Invitational tournaments have smaller fields (between 100 and 132 players), and have more freedom than full-field open tournaments in determining which players are eligible to participate in their event, as invitational tournaments are not required to fill their fields using the PGA Tour Priority Ranking System. Furthermore, unlike full-field open tournaments, invitational tournaments do not offer open qualifying ( Monday qualifying). The Los Angeles Open was converted to an invitational in 2020, inheriting the National's format.

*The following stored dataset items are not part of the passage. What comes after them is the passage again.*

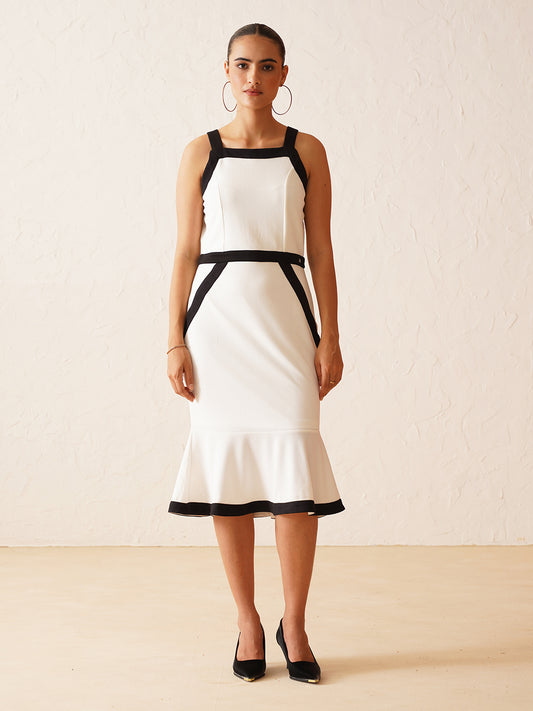 Black and White Color Block Bodycon Dress in Maserati Fabric
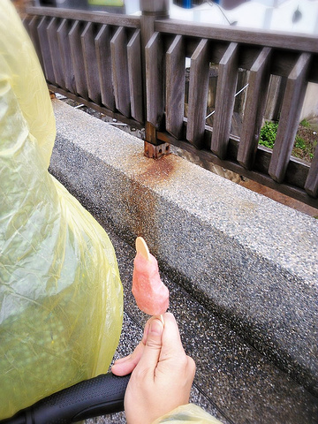 想起我在台北红楼买的明信片还没写,我们干脆在这写起了明信片,写完后一人挑了一种口味的果肉冰棒尝了尝。有百香果的,酸得直哆嗦,有释迦的,里边很多黑色的籽,吃起来硬硬的。我选择的是红心芭乐,不是很甜还有点粉粉的,吃起来就能感觉到这真是纯水果做成的,全是果肉,非常正宗。
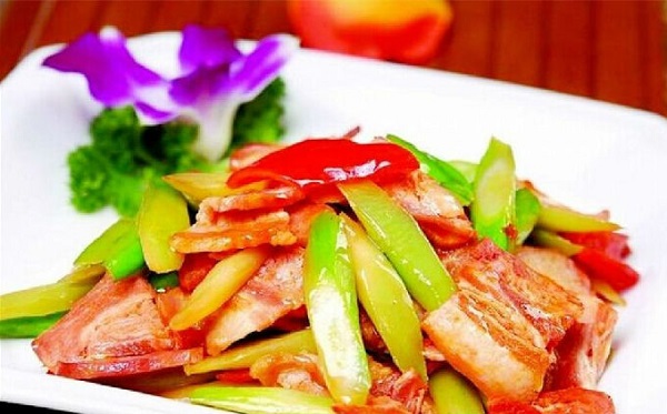 5、蒜瓣爆香,加烟熏肉炒至烟熏肉脆;
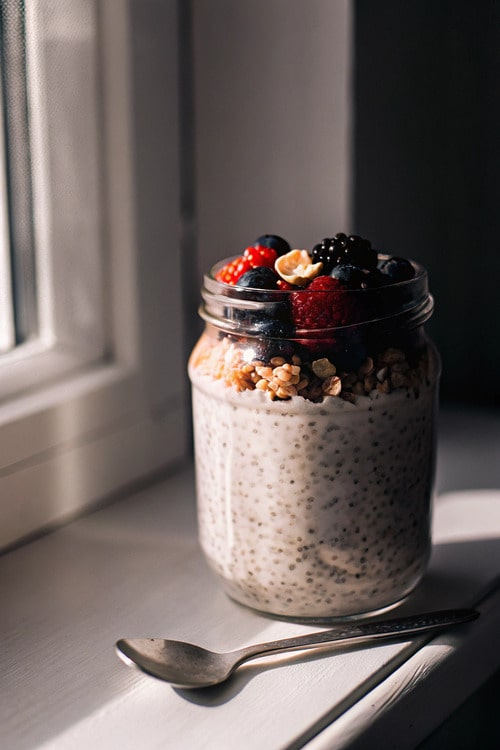 Instructions: Mix the chia seeds and milk together, then let sit for five minutes (or prepare the night before and refrigerate). Chop the other ingredients for the pudding, mix them in, and top with berries before serving.
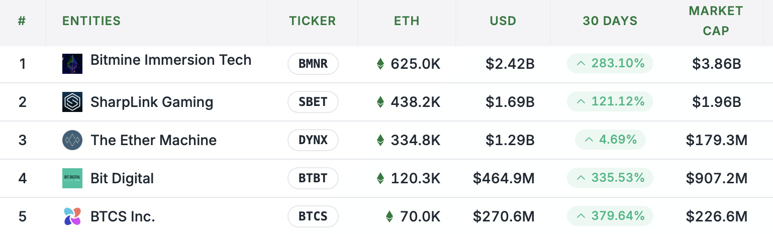 Im Bereich der Ethereum-Reserven ist SharpLink Gaming noch nicht der Größte. Diese Ehre gebührt Bitmine Immersion Tech, die 625.000 Ethereum besitzen, was einem Gesamtwert von 2,42 Milliarden Dollar entspricht.

Tiger Woods at the pro-am in 2009

The field consisted of 120 players invited using the following criteria:
1. Quicken Loans National winners from past five years
2. The Players Championship and major championship winners in the last five years
3. The Tour Championship and World Golf Championships winners in the past three years
4. Arnold Palmer Invitational and Memorial Tournament winners in the past three years
5. Tournament winner in past 12 months
6. Prior year U.S. Amateur winner
7. Current PGA Tour members who were playing members on last named U.S. Ryder Cup team, European Ryder Cup team, U.S. Presidents Cup team, and International Presidents Cup team
8. Top 125 from prior year FedEx Cup points list
9. Top 10 from the current FedEx Cup points list (as of Friday prior)
10. 8 sponsors exemptions – 2 from Web.com Tour finals, 2 members not otherwise exempt, and 4 unrestricted
11. Remaining positions filled from current year FedEx Cup point list

==Winners==

| Year | Winner | Score | To par | Margin of victory | Runner-up | Purse ($) | Winner's share ($) | Venue |
Quicken Loans National
| 2018 | ITA Francesco Molinari | 259 | −21 | 8 strokes | USA Ryan Armour | 7,100,000 | 1,278,000 | TPC Potomac at Avenel Farm |
| 2017 | USA Kyle Stanley | 273 | −7 | Playoff | USA Charles Howell III | 7,100,000 | 1,278,000 | TPC Potomac at Avenel Farm |
| 2016 | USA Billy Hurley III | 267 | −17 | 3 strokes | FIJ Vijay Singh | 6,900,000 | 1,242,000 | Congressional |
| 2015 | USA Troy Merritt | 266 | −18 | 3 strokes | USA Rickie Fowler | 6,700,000 | 1,206,000 | Robert Trent Jones |
| 2014 | ENG Justin Rose (2) | 280 | −4 | Playoff | USA Shawn Stefani | 6,500,000 | 1,170,000 | Congressional |
AT&T National
| 2013 | USA Bill Haas | 272 | −12 | 3 strokes | USA Roberto Castro | 6,500,000 | 1,170,000 | Congressional |
| 2012 | USA Tiger Woods (2) | 276 | −8 | 2 strokes | USA Bo Van Pelt | 6,500,000 | 1,170,000 | Congressional |
| 2011 | USA Nick Watney | 267 | −13 | 2 strokes | KOR K. J. Choi | 6,200,000 | 1,116,000 | Aronimink |
| 2010 | ENG Justin Rose | 270 | −10 | 1 stroke | USA Ryan Moore | 6,200,000 | 1,116,000 | Aronimink |
| 2009 | USA Tiger Woods | 267 | −13 | 1 stroke | USA Hunter Mahan | 6,000,000 | 1,080,000 | Congressional |
| 2008 | USA Anthony Kim | 268 | −12 | 2 strokes | SWE Freddie Jacobson | 6,000,000 | 1,080,000 | Congressional |
| 2007 | KOR K. J. Choi | 271 | −9 | 3 strokes | USA Steve Stricker | 6,000,000 | 1,080,000 | Congressional |

Note: Green highlight indicates scoring records.